__Directions for this task__: Please give the lines below again exactly as they stand, from the one that contains "2026年2,3月に神奈川県" up to and including the one that contains "Used 90s IRELAND", leaving all pictures out.

__Input records__:
+-------+

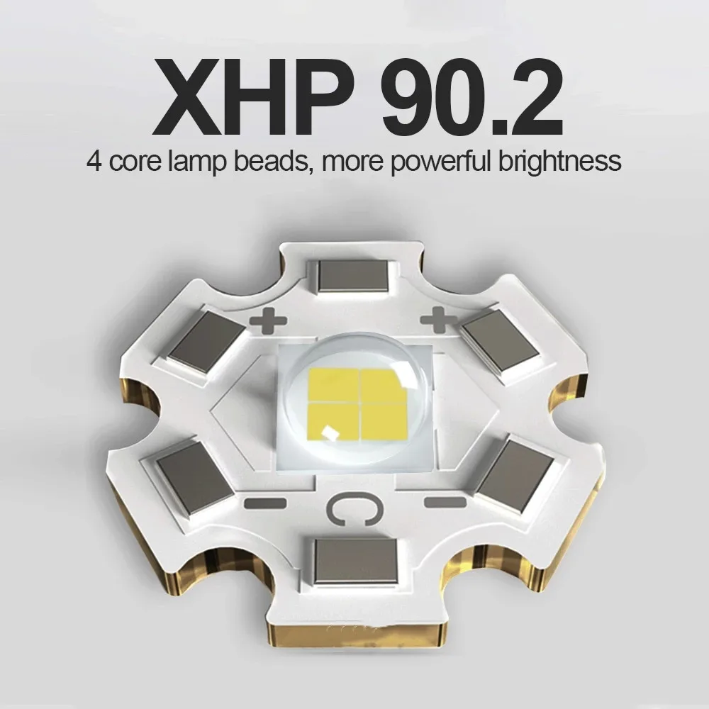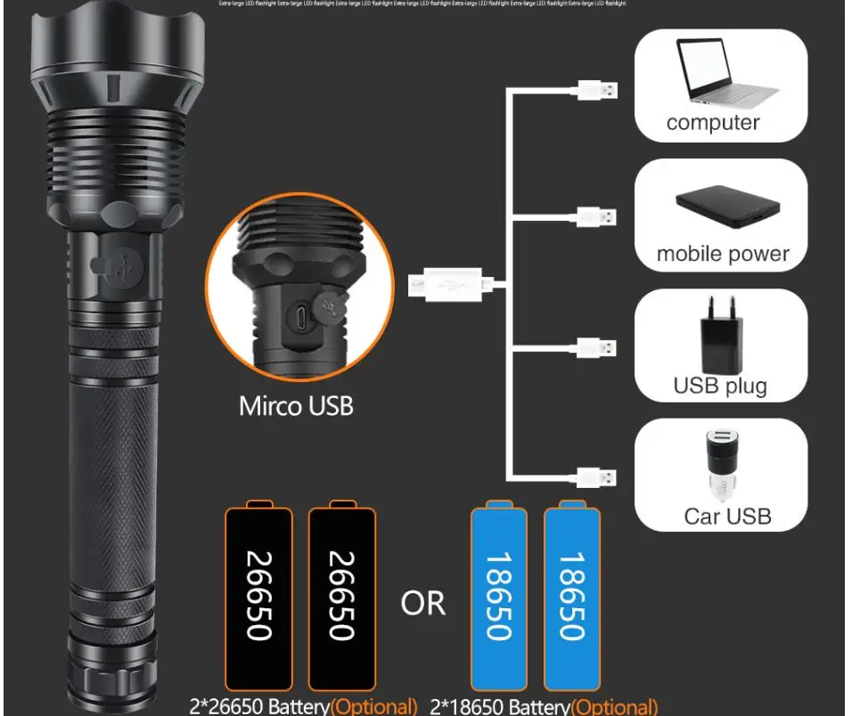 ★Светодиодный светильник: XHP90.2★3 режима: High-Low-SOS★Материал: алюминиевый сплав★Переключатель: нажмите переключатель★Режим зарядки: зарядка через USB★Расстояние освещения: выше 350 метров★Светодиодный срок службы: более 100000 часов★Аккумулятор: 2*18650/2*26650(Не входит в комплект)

+-------+

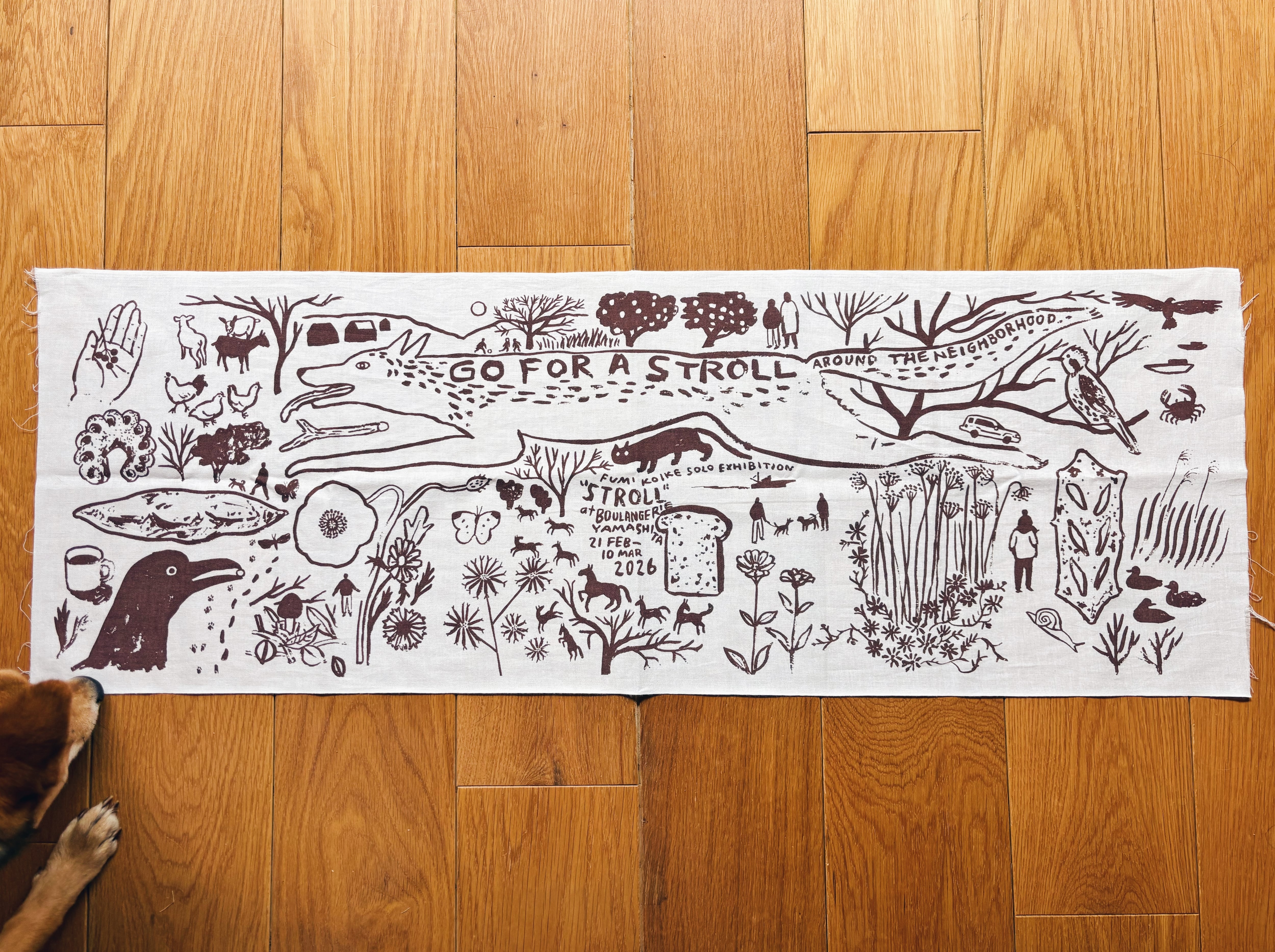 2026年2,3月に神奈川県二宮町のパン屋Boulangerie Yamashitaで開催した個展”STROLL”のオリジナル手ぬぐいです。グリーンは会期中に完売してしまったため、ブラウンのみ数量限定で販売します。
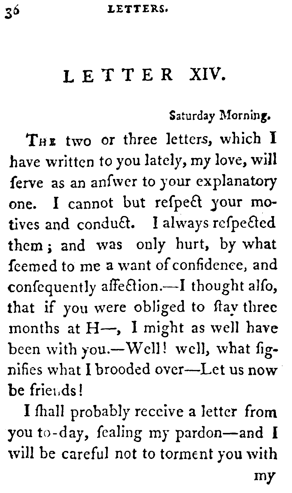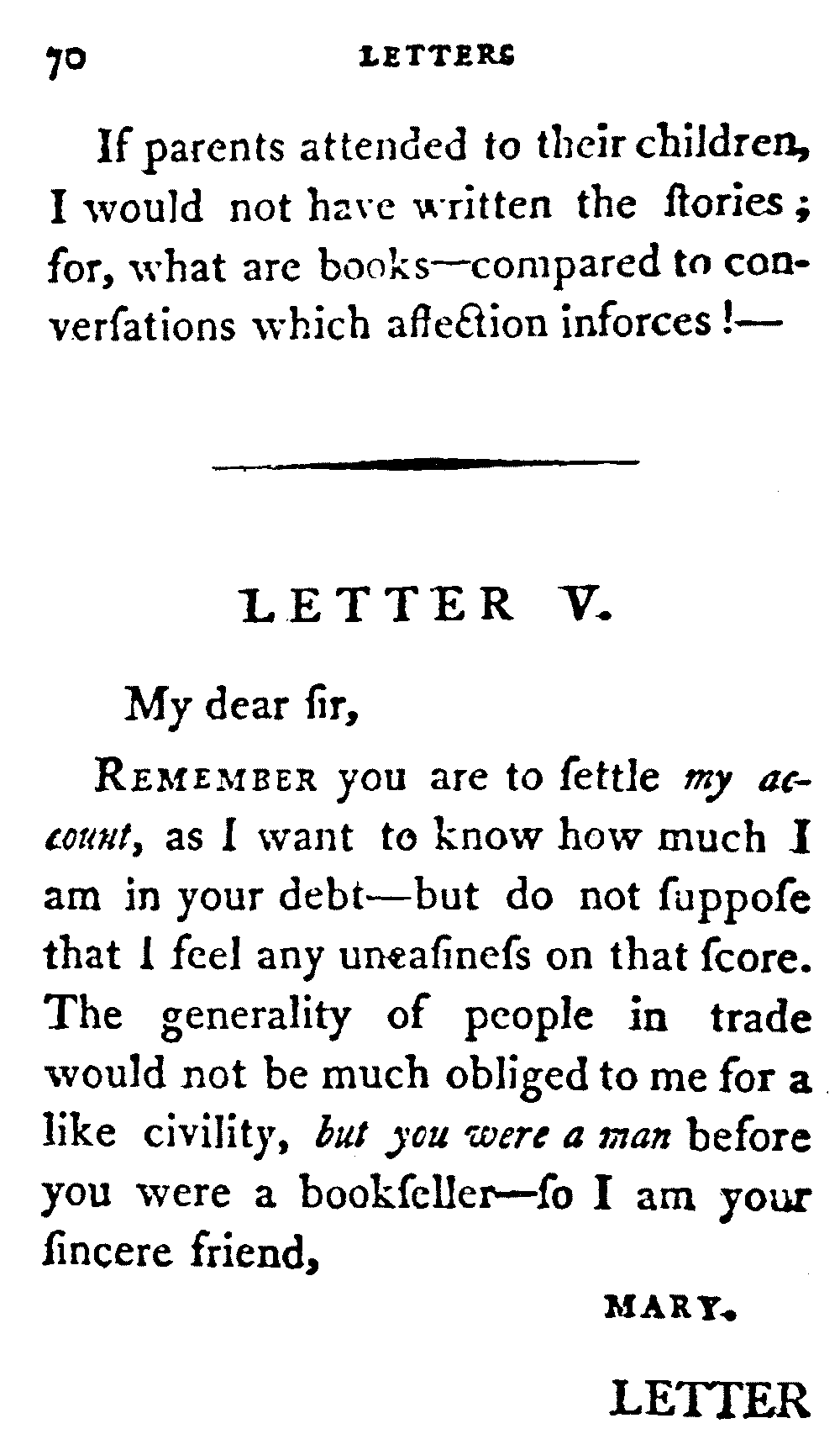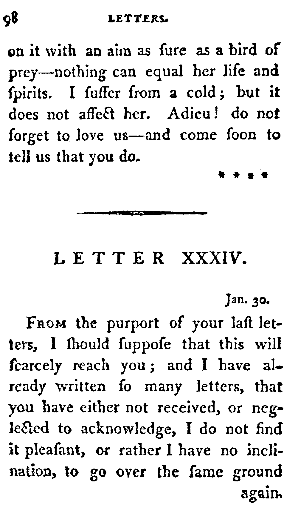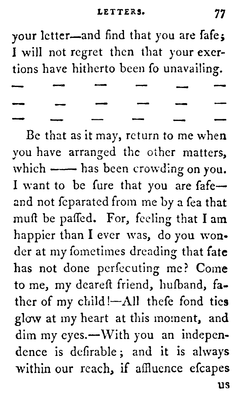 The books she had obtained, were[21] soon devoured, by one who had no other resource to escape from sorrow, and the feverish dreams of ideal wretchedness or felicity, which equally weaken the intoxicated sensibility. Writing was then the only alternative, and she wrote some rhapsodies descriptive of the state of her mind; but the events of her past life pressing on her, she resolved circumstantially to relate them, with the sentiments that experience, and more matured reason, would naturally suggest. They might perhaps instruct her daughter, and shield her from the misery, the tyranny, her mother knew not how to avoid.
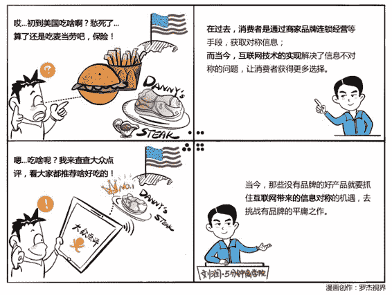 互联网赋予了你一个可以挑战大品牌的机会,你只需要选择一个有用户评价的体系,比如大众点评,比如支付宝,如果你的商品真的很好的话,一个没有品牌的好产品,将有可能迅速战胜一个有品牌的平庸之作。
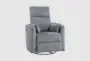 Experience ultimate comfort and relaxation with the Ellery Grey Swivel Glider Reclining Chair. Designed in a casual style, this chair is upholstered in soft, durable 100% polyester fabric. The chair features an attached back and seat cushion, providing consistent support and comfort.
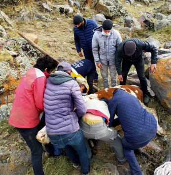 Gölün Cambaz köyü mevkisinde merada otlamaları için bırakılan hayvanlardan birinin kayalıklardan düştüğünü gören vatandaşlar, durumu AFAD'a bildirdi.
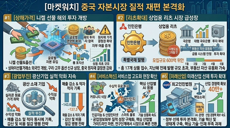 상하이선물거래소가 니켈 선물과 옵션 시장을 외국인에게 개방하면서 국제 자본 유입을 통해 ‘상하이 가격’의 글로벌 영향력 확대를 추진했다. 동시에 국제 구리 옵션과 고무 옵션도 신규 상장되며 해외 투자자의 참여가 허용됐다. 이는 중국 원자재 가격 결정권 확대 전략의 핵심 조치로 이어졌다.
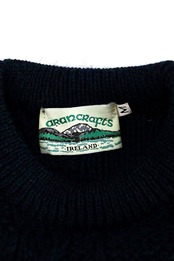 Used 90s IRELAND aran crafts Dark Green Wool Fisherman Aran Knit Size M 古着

+-------+

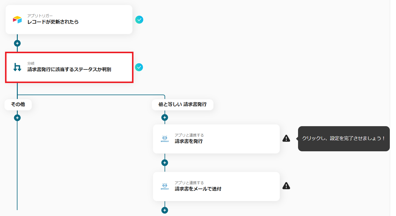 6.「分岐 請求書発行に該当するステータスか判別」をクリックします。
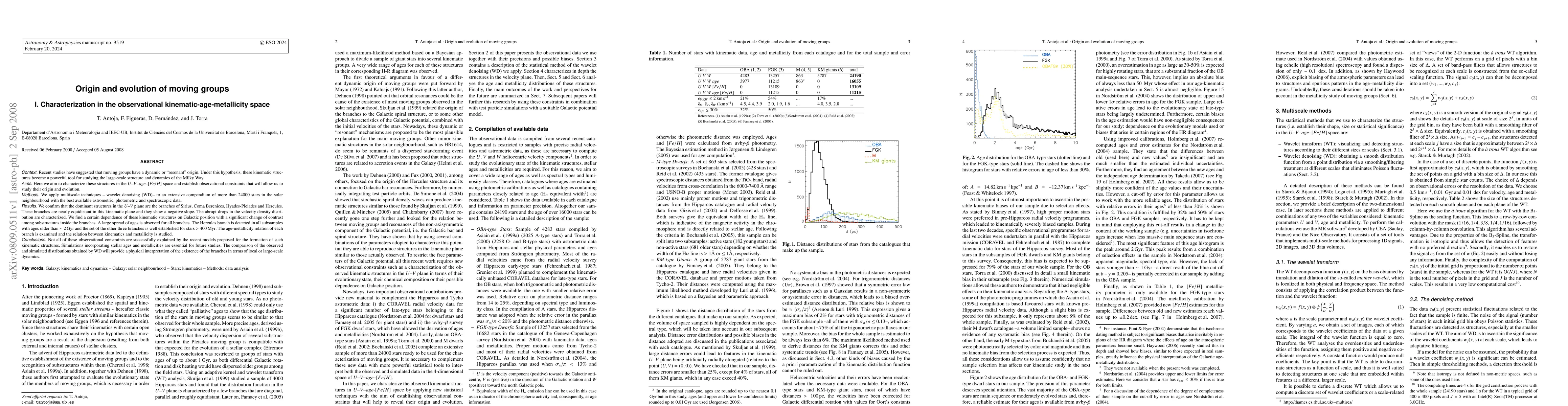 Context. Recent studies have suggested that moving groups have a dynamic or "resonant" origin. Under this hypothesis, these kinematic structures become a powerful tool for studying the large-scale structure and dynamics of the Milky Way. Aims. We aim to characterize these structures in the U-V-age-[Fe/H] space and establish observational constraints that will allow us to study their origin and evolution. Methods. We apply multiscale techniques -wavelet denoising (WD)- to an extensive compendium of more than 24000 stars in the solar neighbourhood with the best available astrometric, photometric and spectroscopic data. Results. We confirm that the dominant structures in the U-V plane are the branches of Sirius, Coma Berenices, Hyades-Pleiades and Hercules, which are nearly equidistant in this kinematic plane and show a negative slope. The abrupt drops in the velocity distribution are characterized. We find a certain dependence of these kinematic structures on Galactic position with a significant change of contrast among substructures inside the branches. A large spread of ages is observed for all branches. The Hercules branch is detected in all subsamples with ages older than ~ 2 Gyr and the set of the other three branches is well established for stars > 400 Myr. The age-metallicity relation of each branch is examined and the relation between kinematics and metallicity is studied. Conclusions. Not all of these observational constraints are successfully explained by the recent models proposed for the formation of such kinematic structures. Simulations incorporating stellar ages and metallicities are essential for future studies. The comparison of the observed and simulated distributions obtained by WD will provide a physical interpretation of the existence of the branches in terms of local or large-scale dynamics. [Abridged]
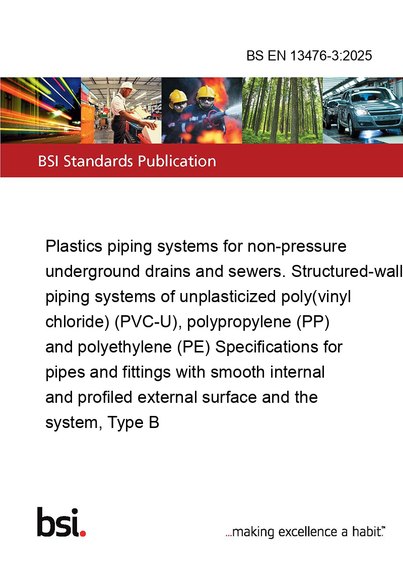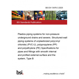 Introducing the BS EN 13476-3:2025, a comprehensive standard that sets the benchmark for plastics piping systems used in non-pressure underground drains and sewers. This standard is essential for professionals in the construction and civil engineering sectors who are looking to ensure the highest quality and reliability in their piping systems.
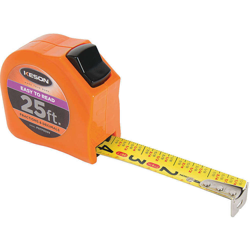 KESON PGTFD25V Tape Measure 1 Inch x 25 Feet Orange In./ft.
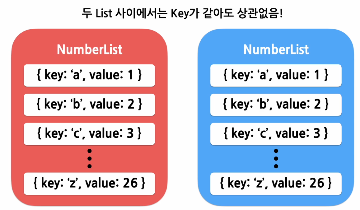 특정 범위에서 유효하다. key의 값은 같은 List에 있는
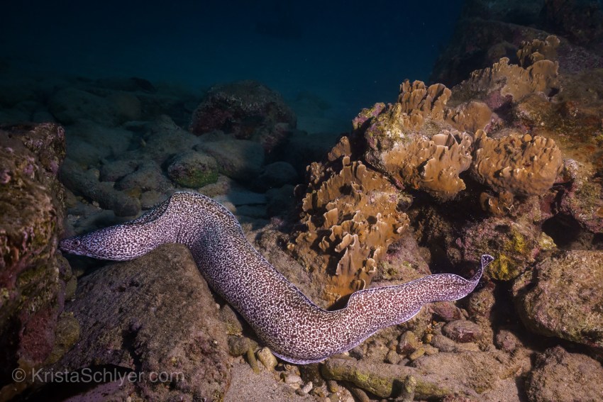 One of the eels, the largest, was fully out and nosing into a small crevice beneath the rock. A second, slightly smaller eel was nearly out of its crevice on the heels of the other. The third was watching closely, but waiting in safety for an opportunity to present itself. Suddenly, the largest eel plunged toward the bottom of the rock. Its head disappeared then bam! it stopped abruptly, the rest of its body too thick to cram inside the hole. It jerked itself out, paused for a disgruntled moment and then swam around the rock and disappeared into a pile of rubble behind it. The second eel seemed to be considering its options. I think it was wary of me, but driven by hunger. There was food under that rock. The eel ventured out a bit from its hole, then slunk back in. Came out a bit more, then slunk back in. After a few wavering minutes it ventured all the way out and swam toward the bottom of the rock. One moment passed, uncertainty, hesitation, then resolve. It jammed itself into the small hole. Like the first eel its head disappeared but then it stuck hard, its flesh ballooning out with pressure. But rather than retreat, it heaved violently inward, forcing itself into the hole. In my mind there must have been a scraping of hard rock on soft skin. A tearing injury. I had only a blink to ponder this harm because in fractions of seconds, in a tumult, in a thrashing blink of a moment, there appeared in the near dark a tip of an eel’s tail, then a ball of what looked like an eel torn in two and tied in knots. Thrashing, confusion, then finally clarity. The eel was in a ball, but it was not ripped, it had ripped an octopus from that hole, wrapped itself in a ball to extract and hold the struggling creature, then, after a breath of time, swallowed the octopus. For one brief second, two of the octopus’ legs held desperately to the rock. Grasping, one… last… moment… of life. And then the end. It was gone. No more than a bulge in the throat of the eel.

+-------+

__Task response__:
 2026年2,3月に神奈川県二宮町のパン屋Boulangerie Yamashitaで開催した個展”STROLL”のオリジナル手ぬぐいです。グリーンは会期中に完売してしまったため、ブラウンのみ数量限定で販売します。
 The books she had obtained, were[21] soon devoured, by one who had no other resource to escape from sorrow, and the feverish dreams of ideal wretchedness or felicity, which equally weaken the intoxicated sensibility. Writing was then the only alternative, and she wrote some rhapsodies descriptive of the state of her mind; but the events of her past life pressing on her, she resolved circumstantially to relate them, with the sentiments that experience, and more matured reason, would naturally suggest. They might perhaps instruct her daughter, and shield her from the misery, the tyranny, her mother knew not how to avoid.
 互联网赋予了你一个可以挑战大品牌的机会,你只需要选择一个有用户评价的体系,比如大众点评,比如支付宝,如果你的商品真的很好的话,一个没有品牌的好产品,将有可能迅速战胜一个有品牌的平庸之作。
 Experience ultimate comfort and relaxation with the Ellery Grey Swivel Glider Reclining Chair. Designed in a casual style, this chair is upholstered in soft, durable 100% polyester fabric. The chair features an attached back and seat cushion, providing consistent support and comfort.
 Gölün Cambaz köyü mevkisinde merada otlamaları için bırakılan hayvanlardan birinin kayalıklardan düştüğünü gören vatandaşlar, durumu AFAD'a bildirdi.
 상하이선물거래소가 니켈 선물과 옵션 시장을 외국인에게 개방하면서 국제 자본 유입을 통해 ‘상하이 가격’의 글로벌 영향력 확대를 추진했다. 동시에 국제 구리 옵션과 고무 옵션도 신규 상장되며 해외 투자자의 참여가 허용됐다. 이는 중국 원자재 가격 결정권 확대 전략의 핵심 조치로 이어졌다.
 Used 90s IRELAND aran crafts Dark Green Wool Fisherman Aran Knit Size M 古着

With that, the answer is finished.